I would like to raise money for Invest in ME Research.  As the carer of two disabled people I can't participate in the usual ways to fund raise - running, walking, climbing, cycling, parachute or bungee jumping etc.

So instead I aim to lose 8 stone in weight (or as close as I can possibly get) over the next two years.

~ I have battled with my weight for years. But, I now have a purpose, a cause, and with your support - I am ready to 'lose it' ~ 


I have the perfect reason - I am doing this for my child... 

  • In early 2017, after being very ill for several years, my daughter Arienne (now aged 14), was finally diagnosed with multiple chronic conditions. One of these is Severe Myalgic Encephalomyelitis (ME).   (that's Arienne in the photo)
  • Myalgic Encephalomyelitis is a horrible, much misunderstood, very debilitating condition. Every day symptoms include severe pain; overwhelming paralysing fatigue; serious hypersensitivity to cold, sound and touch; fevers; terrible nausea/vomiting; dizziness; insomnia, hypersomnia, and sleep reversal; balance and speech problems; significant cognitive disfunction; and (worst of all) very severe post exertional malaise/intolerance to all physical and mental activity.
  • Outings are a rarity, and reserved for only exceptionally good days (or hospital appointments!). Most of those suffering from ME, like Arienne, are mainly housebound or bedbound. There is no medication, no treatment, no cure.

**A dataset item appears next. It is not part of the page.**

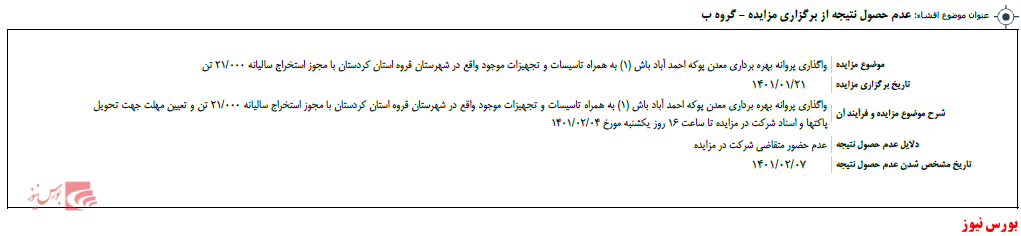 بر این اساس، این شرکت اعلام کرد، مزایده واگذاری پروانه بهره برداری معدن پوکه احمد آباد باش (۱) به همراه تاسیسات و تجهیزات موجود واقع در شهرستان قروه استان کردستان با مجوز استخراج سالیانه ۲۱/۰۰۰ تن برگزار، اما با عدم حضور متقاضی شرکت در مزایده مواجه شد.
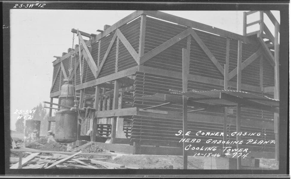 Oil Wells - Cooling tower, casing head gasoline plant. View showing Southwest corner.

Did you know that people with ME are not allowed to donate blood - ever in their lives, even if they recover? It's true.

(*** If you are interested in learning more about ME - there is a fantastic new film on Netflix called Unrest (98mins), which was recently shortlisted for an Oscar. Alternatively Jennifer Brea's TED Talk (17mins) online is excellent. Or for those with a stronger constitution the hard hitting Voices from the Shadows is free online (30mins). ***)

Donations: I have no idea how realistic my target is - I just picked a random number. I am very aware that times are financially hard for many people right now, so I would be extremely grateful for literally any donation at all, however small. Thank you if you are able to do this - and if you are not, I would like to thank you for reading this far, which raises awareness in itself, which is very important to me too.

Why this is so important...

  • Myalgic Encephalomyelitis affects 17 million people worldwide - including 250,000 in the UK, of which around 21,000 are children.
  • In recent years, scientific research worldwide has proved M.E. is an extremely serious and disabling biological condition. 
  • As yet there is no cure, and no proven treatment, and a distinct lack of up to date education in the medical world.
  • Medical science is on the cusp of coming up with a definitive diagnostic test - which could lead to treatment and possibly even a cure - and more funding is the key to this.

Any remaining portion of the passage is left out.